MnO2 + 4HCl → MnCl2 + Cl2 + 2H2O
Problem 3
What is the percent yield if an experiment produced 2.50 g of sodium sulfate product (Na2SO4) when 10.0 g of sodium chloride (NaCl) reacted with sulfuric acid according to the following unbalanced reaction?

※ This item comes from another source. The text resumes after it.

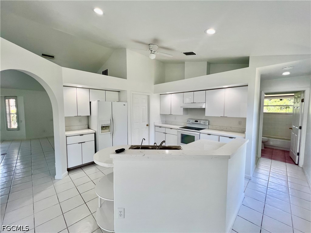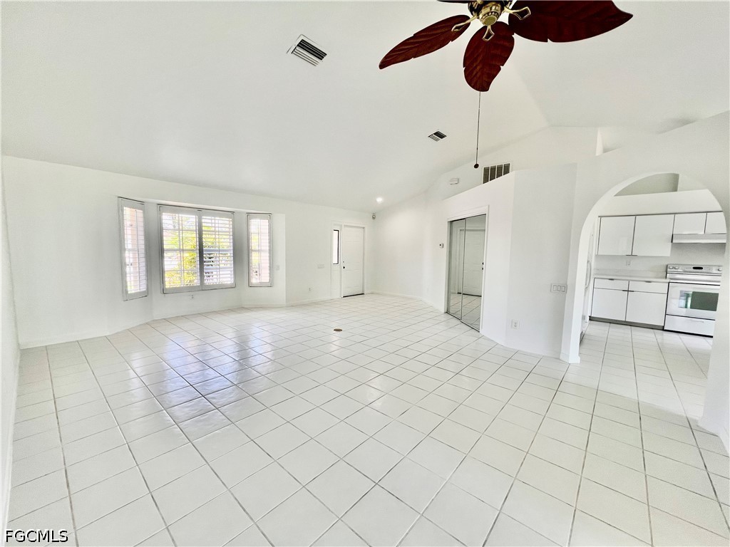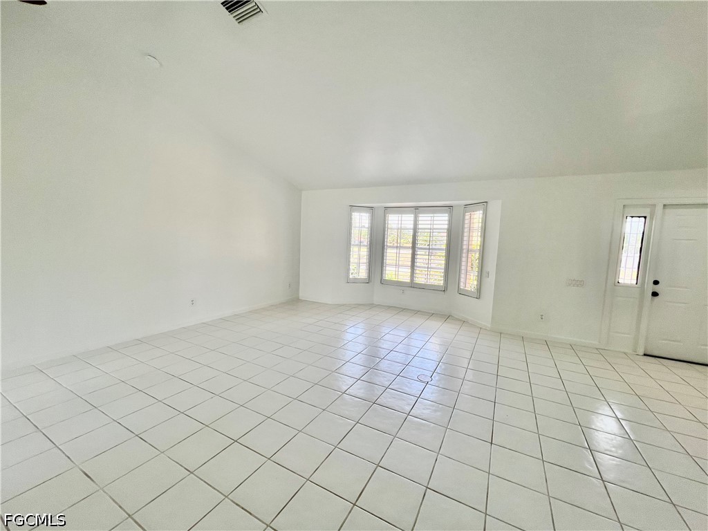 NEW DIMENSIONAL SHINGLE ROOF IN 2018, NEW WATER HEATER 2025, NEW WATER TREATMENT EQUIPMENT IN 2025, newer interior doors, nicely landscaped corner lot, 20 X 9 enclosed family room/den under central heat and air, cathedral ceilings, plant shelves, ceramic tile floors throughout the entire home, QUARTZ tops in the kitchen with breakfast bar and nook area, cathedral ceilings and plant shelves, great room with living and dining area, decorative plantation shutters, primary bedroom with walk in closet and private ensuite bathroom with newly tiled walk in shower, new commodes in both bathrooms, LED lighting throughout, freshly painted interior, large indoor laundry room with laundry tub, quiet low traffic location, located just minutes to I-75, Ft Myers and the International airport, NO FLOOD INSURANCE REQUIRED. LEHIGH IS THE HIGHEST ELEVATION IN LEE COUNTY.
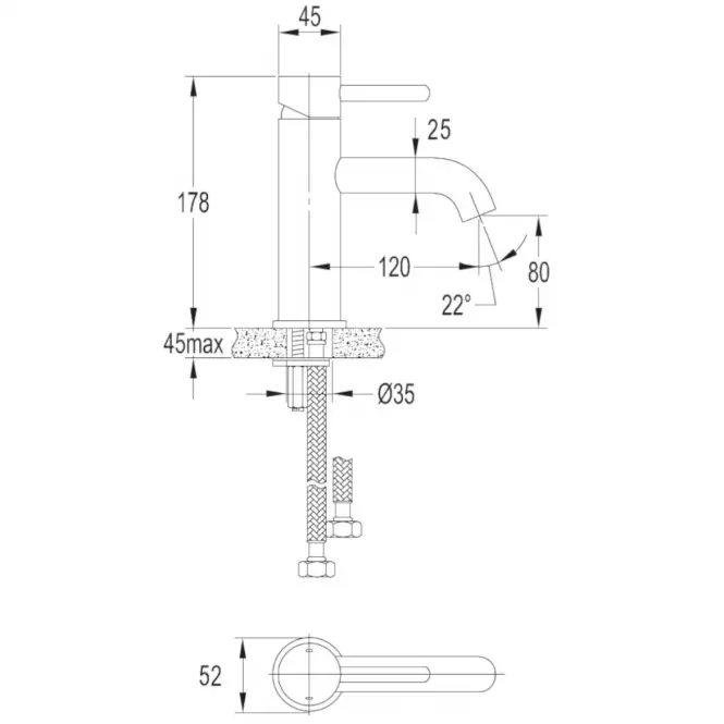 Bateria wyposażona jest w stałą wylewkę o zasięgu 12 cm oraz wysokości wypływu wody wynoszącej 8 cm, co sprawia, że jest idealna do standardowych umywalek, zapewniając komfort i łatwość w użytkowaniu. Całkowita wysokość baterii wynosi 17,8 cm, co sprawia, że jest wystarczająco kompaktowa, by zmieścić się w mniejszych łazienkach, ale jednocześnie zapewnia odpowiednią przestrzeń do wygodnego korzystania z umywalki.

NaCl + H2SO4 → Na2SO4 + HCl
Problem 4
For the reaction:
4NH3 + 7O2 → 4NO2 + 6H2O
If 25.0 g of NH3 is reacted with excess O2, what mass of NO2 is produced theoretically?
Problem 5
If 5.00 g of Mg is reacted with 2.00 g of O2 in an experiment, determine which reactant is limiting and calculate the theoretical yield of MgO.
Mg + O2 → MgO
Solutions to Stoichiometry Problems
Problem 1
- Balanced equation: N2 + 3H2 → 2NH3
- 10.0 g N2 x (1 mole N2/28.0 g N2) = 0.357 mole N2
- Mole ratio from balanced equation:
- 0.357 mole N2 x (2 mole NH3/1 mole N2) = 0.714 mole NH3
- 0.714 mole NH3 x (17.0 g NH3/1 mole NH3) = 12.2 g NH3
The theoretical yield is 12.2 g NH3
Problem 2
- Balanced equation: MnO2 + 4HCl → MnCl2 + Cl2 + 2H2O
- 20.0 g MnO2 x (1 mole MnO2/86.9 g MnO2) = 0.230 mole MnO2
- Mole ratio from balanced equation:
- 0.230 mole MnO2 x (1 mole Cl2/1 mole MnO2) = 0.230 mole Cl2
- 0.230 mole Cl2 x (70.9 g Cl2/1 mole Cl2) = 16.3 g Cl2
The theoretical yield is 16.3 g Cl2
Problem 3
- Balanced equation: 2NaCl + H2SO4 → Na2SO4 + 2HCl
- Theoretical yield:
- 10.0 g NaCl x (1 mole NaCl/58.5 g NaCl) = 0.171 mole NaCl
- Mole ratio from balanced equation:
- 0.171 mole NaCl x (1 mole Na2SO4/2 mole NaCl) = 0.0855 mole Na2SO4
- 0.0855 mole Na2SO4 x (142.0 g Na2SO4/1 mole Na2SO4) = 12.1 g Na2SO4
- Actual yield = 2.50 g Na2SO4
- Percent Yield = (Actual/Theoretical) x 100% = (2.50 g/12.1 g) x 100% = 20.7%
The percent yield is 20.7%
Problem 4
- Balanced equation: 4NH3 + 7O2 → 4NO2 + 6H2O
- 25.0 g NH3 x (1 mole NH3/17.0 g NH3) = 1.47 mole NH3
- Mole ratio from balanced equation:
- 1.47 mole NH3 x (4 mole NO2/4 mole NH3) = 1.47 mole NO2
- 1.47 mole NO2 x (46.0 g NO2/1 mole NO2) = 67.6 g NO2
The theoretical yield is 67.6 g NO2
Problem 5
- Balanced equation: Mg + O2 → MgO
- 5.00 g Mg x (1 mole Mg/24.3 g Mg) = 0.206 mole Mg
- 2.00 g O2 x (1 mole O2/32.0 g O2) = 0.0625 mole O2
- Mole ratio:
- Mg: 0.206 mole Mg/1 mole Mg per equation = 0.206
- O2: 0.0625 mole O2/1 mole O2 per equation = 0.0625
- O2 is the limiting reactant since it has the lower mole ratio
- Using O2:
- 0.0625 mole O2 x (1 mole MgO/1 mole O2) = 0.0625 mole MgO
- 0.0625 mole MgO x (40.3 g MgO/mole MgO) = 2.52 g MgO
O2 is limiting. The theoretical yield is 2.52 g MgO.
Conclusion
In summary, stoichiometry and mole ratios allow chemists to quantitatively relate reactant amounts to product amounts using balanced chemical equations. It is an essential tool for determining yields, identifying limiting reactants, calculating percentage yield, and quantitative chemical analysis. Practice thinking stoichiometrically and using mole ratios to answer chemistry questions.